Byrd’s political legacy, though, is all but untarnished, and efforts to address any hint of his indiscretions are muffled. Petitions at Marshall University in Huntington, West Virginia, seek to remove the names of Byrd and Confederate Gen. Albert Gallatin Jenkins from campus buildings. The petition targeting Byrd is nearing its goal of 1,500 signatures.
A committee formed at the university in 2018 to examine building names on campus released a 12-page report of “observations and recommendations” last year, with no mention of Byrd or the buildings bearing his name. Some of the buildings named for Byrd were erected using federal funds he obtained as chair of the Appropriations Committee, a post he held for 20 years.
Byrd was “a fearless champion who fought tirelessly for all West Virginians and for our great nation” Charlotte Weber, director of the Robert C. Byrd Institute for Advanced Flexible Manufacturing at Marshall, wrote in an essay honoring Byrd upon his death. Weber did not respond to an interview request.
University President Jerome Gilbert was unavailable for an interview, a school representative said.
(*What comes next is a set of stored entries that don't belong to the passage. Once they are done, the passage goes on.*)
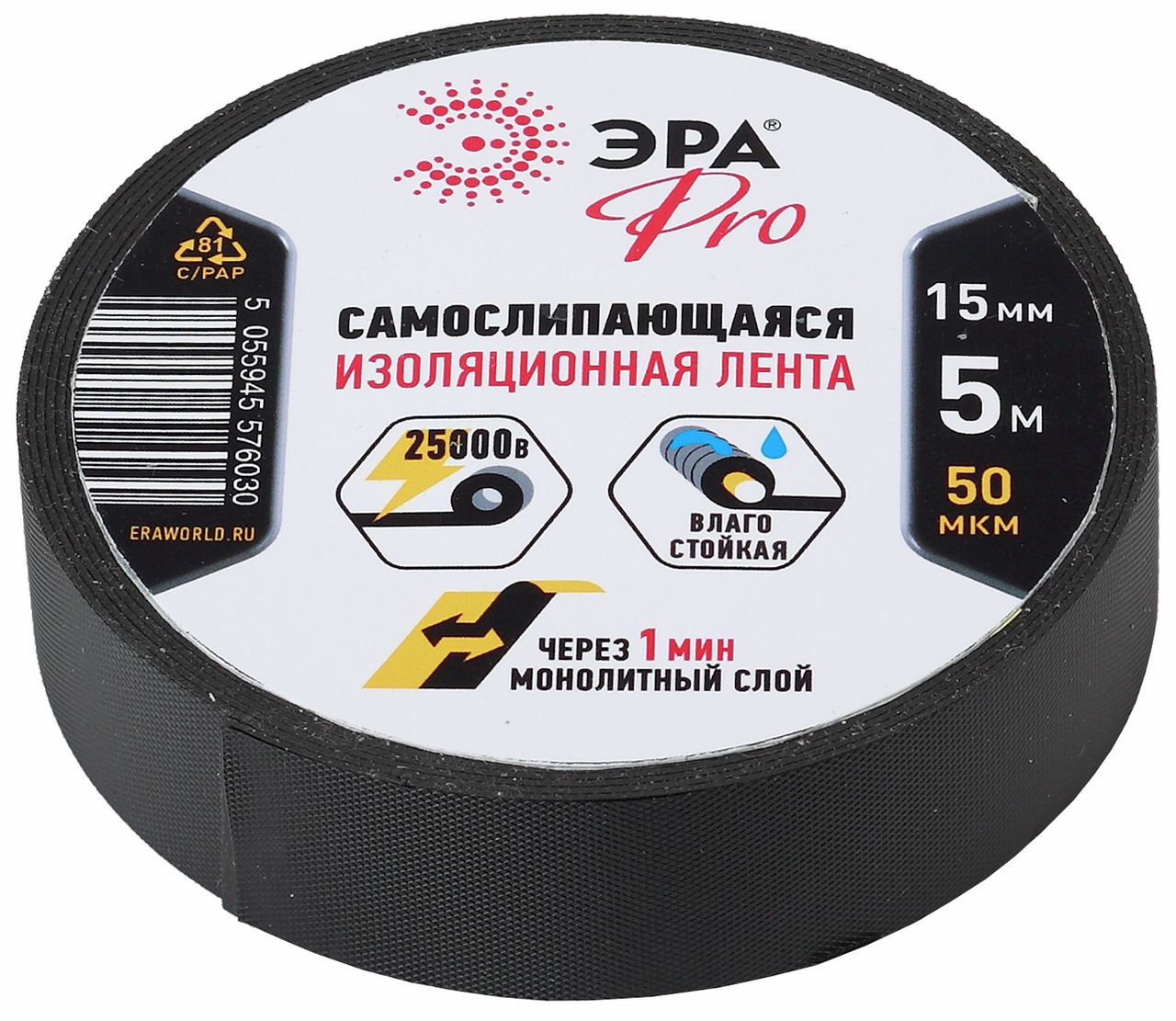 Лента изоляционная самослипающаяся Эра Pro черная, 15мм х 5м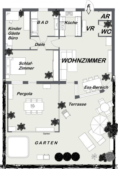 Ausreichend Grünflächen und Spielgärten der näheren Umgebung vorhanden.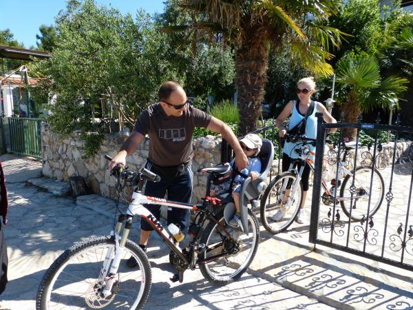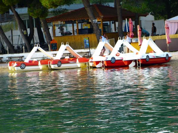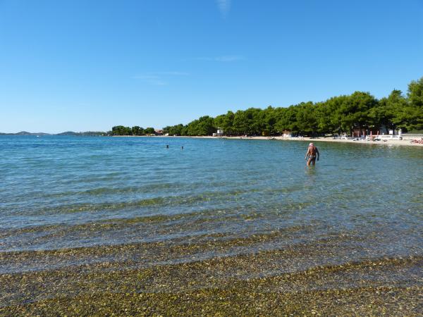 Na dvoře můžete využít sprchu s teplou vodou, plážová lehátka, gril, kvalitní kola. Parkování pro 1 vozidlo na apartmán. Máme místo pro kola, se kterým můžete objíždět široké okolí, je zde řada cyklostezek. V okolí je možnost zapůjčení lodiček, šlapadel apod., organizované výlety na Kornati, Navštívit můžete větší města, vydat se do NP Krka nebo do přírodního parku Vranské jezero (ptačí rezervace, lze i rybařit ). Léčivé bahno (peloidy) můžete využít na dně zátoky Pirovačka. Máme rakety na tenis, míčky, badminton, . Budete se cítit jako doma, pohodlně, uvolněně. Apartmány mají označení Bezpečný pobyt v Chorvatsku
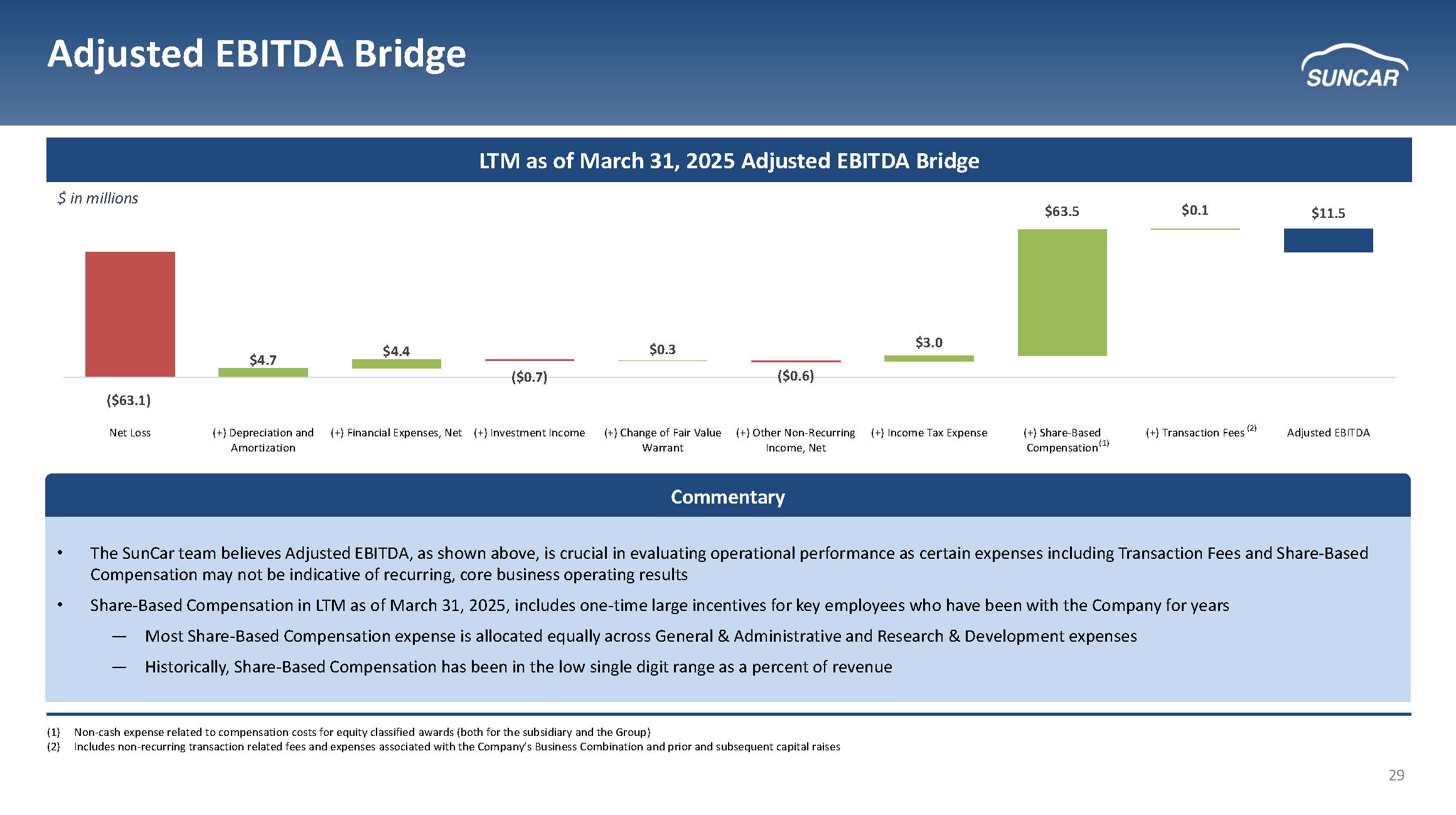 28 Operating Expenses & Adjusted EBITDA Summary FY2024 Operating Expenses Breakdown Adjusted EBITDA $ in millions • Integrated service cost increases to support auto and technology service • Promotional service expenses have recently been increasing with insurance revenues as SunCar continues to establish its leadership in digitalizing the market • The steady increase in R&D expenses reflects SunCar’s continued investment in its Auto eInsurance & Service platforms and in future revenue initiatives • The Company has grown Adjusted EBITDA to $11.5M in the LTM period ending March 31, 2025 • The low CapEx business model, combined with the high growth of revenue, is expected to drive future margin expansion • EBITDA margins are expected to see further expansion as eInsurance segment becomes a larger portion of the business Research & Development Expenses: 8% General & Administrative Expenses: 9% Integrated Service Cost: 45% Promotional Service Expense: 34% Selling Expenses: 5% $516M ($6.5) $1.6 $9.8 $11.5 2022 2023 2024 LTM as of March 31, 2025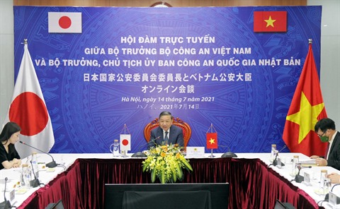 Le ministre de la Police, le général Tô Lâm, a eu le 14 juillet un entretien en ligne avec le ministre d'État et président de la Commission nationale de sécurité publique du Japon, Tanahashi Yasufumi.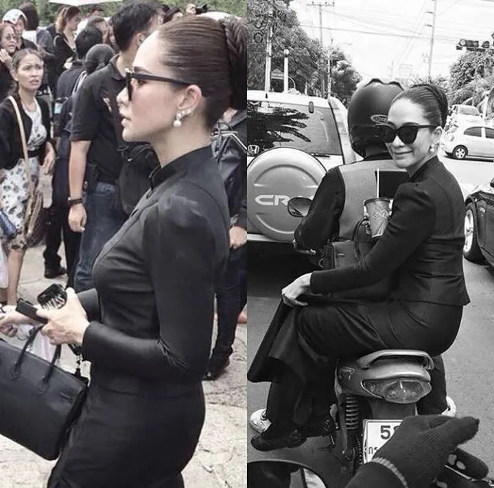 นางเอกสาวในชุดไทยจิตรลดา นั่งวินมอเตอร์ไซค์ เดินทางไปร่วมร้องเพลงสรรเสริญพระบารมี

The process of changing the name on a building or project varies by jurisdiction. West Virginia allows state buildings, roads or other projects to be named for individuals living or deceased.
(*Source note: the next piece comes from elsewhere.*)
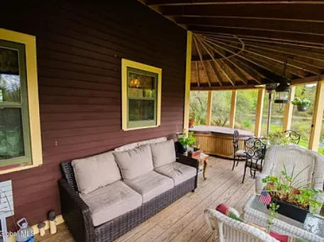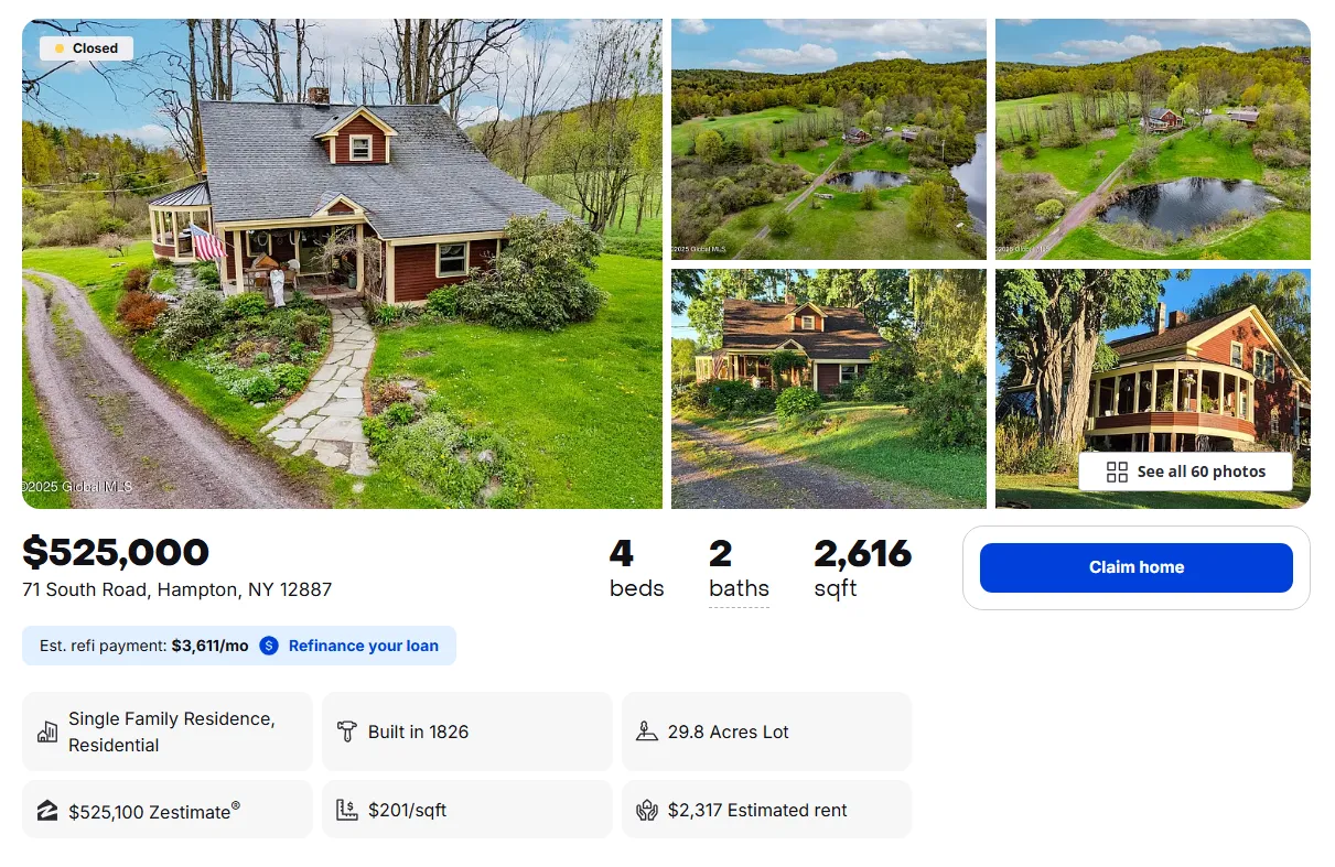 This enchanting property combines rustic charm with breathtaking views, conveniently located just 15 minutes from the Vermont border and 45 minutes from Lake George.

Congress attaches names to post offices, courthouses, and other federal buildings and projects as part of a commemorative process. It’s done through a committee process, with varying rules regarding the names.
For example, the Senate Environment and Public Works Committee, which can name infrastructure projects, may not name a building for a living person unless that person is a former president, a former member of Congress or of the Supreme Court 70 years old or more, or a federal judge 75 or older.
Leading Democrats support the removal or reassignment of memorials linked to the Confederacy, which they say is part of a national heritage of racism. House Speaker Nancy Pelosi has asked Congress to approve the removal of 11 Confederate monuments from the Capitol.
Some Republicans question the motives and timing of such requests. “Pelosi has been speaker for a long time, and she could have done this before,” said Deroy Murdock, a black conservative political commentator. “She even had a majority for a time; why didn’t she do this then?”